Applicant for membership shall be provided with a copy and will have read and agreed to the Bylaws of this corporation. The applicant shall execute a statement that he/she read and agreed to the Bylaws and will be bound by them and will provide an original and one copy (front and back) of their nationally recognized certification card and shall sign such other and further document as the corporation deems necessary or useful to accomplish its corporate purposes.

Prospective members shall complete an application for membership as designated by the membership chairman. Upon completion of the application, payment of dues and being voted in by a quorum, he/she becomes a member (Active or Associate) and will be entitled to all the privileges of their membership.

Active Members shall have the right to bring a non-member guest on a maximum of two club trips unless an exemption is approved by the Board of Directors. Any Active Member bringing a guest to a club dive shall be responsible for the conduct and behavior of their guest. In the event that there are limited resources (for example, spaces on a dive boat) for which both members and guests are competing, the Active Member shall be entitled to take priority and precedence over an Associate Member or non-member guest and shall be entitled to all available resources before any non-member guest will be entitled to same.

ARTICLE X

Active Membership dues shall be $35.00 per year per person. All Associate Membership dues shall be $12.00 per year to be paid annually.
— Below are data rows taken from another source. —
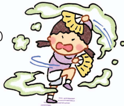
Xua hồ diệt sói (Dùng quạt quạt bay mùi xì hơi)
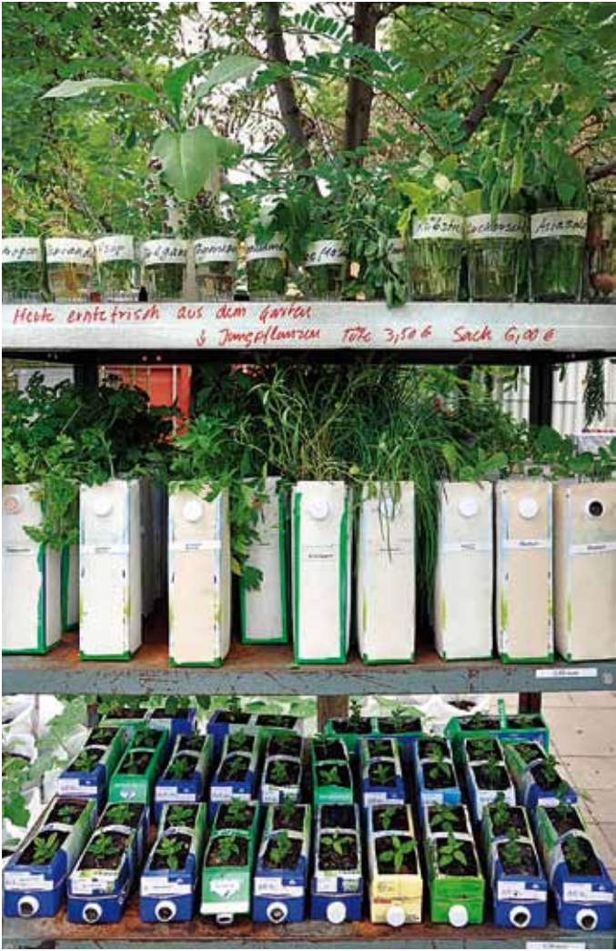
Der Prinzessinnengarten in Berlin: Seit der Eröffnung 2009 zieht es Hunderte von Hobbygärtnern regelmäßig in die grüne Oase am Moritzplatz. Den Pachtzins für das fußballfeldgroße Grundstück erwirtschaften sie durch die Mittagsküche im umgebauten Schiffscontainer und den Verkauf von Jungpflanzen.

»AUF BRACHEN UND UNGENUTZTEN URBANEN NISCHEN WIRD INMITTEN DES GROSSSTADTTRUBELS GEMEINSAM GEPFLÜGT, GEHARKT, GEGOSSEN UND GEPFLEGT.«
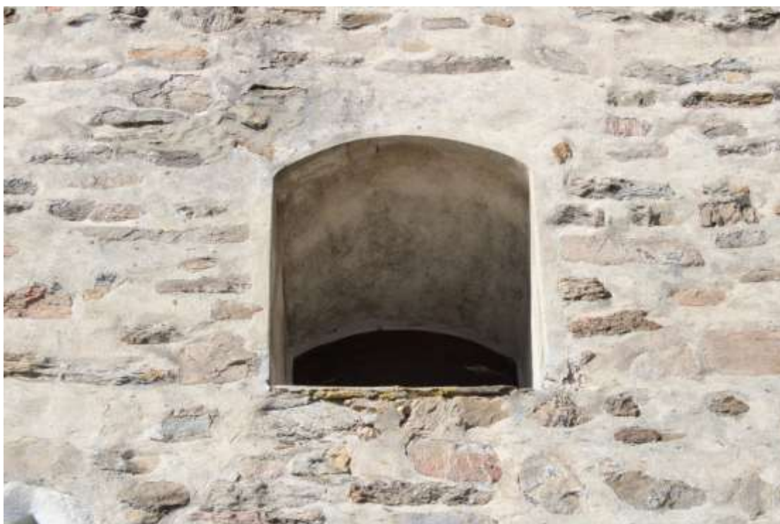
Obrázek 24. Detail okna ve druhém patře věže jižního průčelí.

Membership dues and initiation fees are not refundable or transferable.

All Active and Associate Members belonging to a single family, notwithstanding the other provisions of the Bylaws, shall pay no more, for all members of the family, than $70.00 per year for the entire family.

Membership renewals will be due in June of each year. Dues for new members will be prorated by the quarter as follows:

  • June through August: $35.00
  • September through Novembe: $26.25
  • December through February: $17.50
  • March through May: $8.75

ARTICLE XI

Should any Active Member leave the corporation for any and all reasons whatsoever, the Active Member shall immediately return any and all corporate property. The member shall also return any stock in the corporation which that member owns.
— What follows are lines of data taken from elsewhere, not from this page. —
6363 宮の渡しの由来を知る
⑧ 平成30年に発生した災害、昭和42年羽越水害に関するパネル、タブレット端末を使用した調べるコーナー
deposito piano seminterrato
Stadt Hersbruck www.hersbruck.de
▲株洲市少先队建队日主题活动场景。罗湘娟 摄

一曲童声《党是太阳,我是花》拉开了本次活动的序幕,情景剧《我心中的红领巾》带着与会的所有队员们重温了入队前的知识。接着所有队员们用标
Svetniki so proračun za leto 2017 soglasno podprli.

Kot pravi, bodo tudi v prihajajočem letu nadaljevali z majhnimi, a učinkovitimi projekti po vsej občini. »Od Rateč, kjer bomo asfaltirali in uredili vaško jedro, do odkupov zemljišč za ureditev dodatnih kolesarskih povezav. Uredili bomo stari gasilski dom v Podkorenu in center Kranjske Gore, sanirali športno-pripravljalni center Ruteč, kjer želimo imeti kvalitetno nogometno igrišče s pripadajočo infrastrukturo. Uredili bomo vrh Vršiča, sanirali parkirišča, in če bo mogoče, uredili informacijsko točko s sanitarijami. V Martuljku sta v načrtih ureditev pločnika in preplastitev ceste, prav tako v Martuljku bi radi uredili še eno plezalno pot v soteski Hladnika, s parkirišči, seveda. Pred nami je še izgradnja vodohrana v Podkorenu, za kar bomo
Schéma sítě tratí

Any member shall return their share of stock upon demand of the corporation, for any reason.

The corporation shall keep in its records all issued shares of stock. The actual “shares” shall not be distributed to the member per agreement of the member and corporation.

There shall be no vote by proxy and only Active Members in good standing in attendance may vote.

Any officer missing three (3) consecutive meetings will be notified that unless he/she attends the next meeting, his/her office will be considered vacant. Said officer must have the right to speak in his/her own behalf.

Upon the infraction of any diving rule as set forth by the Dive Committee (said committee to be organized and controlled by the President of the corporation) or willfully acting dangerously or causing harm to another person or himself/herself while diving, by any member, that member shall be subject to immediate dismissal from the corporation. Said member must have the right to be heard in his/her own behalf. Any officer or their designee shall have the right to dismiss a member for any such infraction or unsafe practice, said dismissal being effective immediately upon notification to the offending member. The offending member, on the instance of notification, shall no longer be a member of the Jacksonville Scubanauts, Inc. (A Florida Not For Profit Corporation) or any subsidiary thereof for any reason or purpose whatsoever until the monthly meeting following such dismissal, at which time the offending member shall have the right to be heard in their own behalf.


Changes to Bylaws approved by membership vote on January 13, 2010.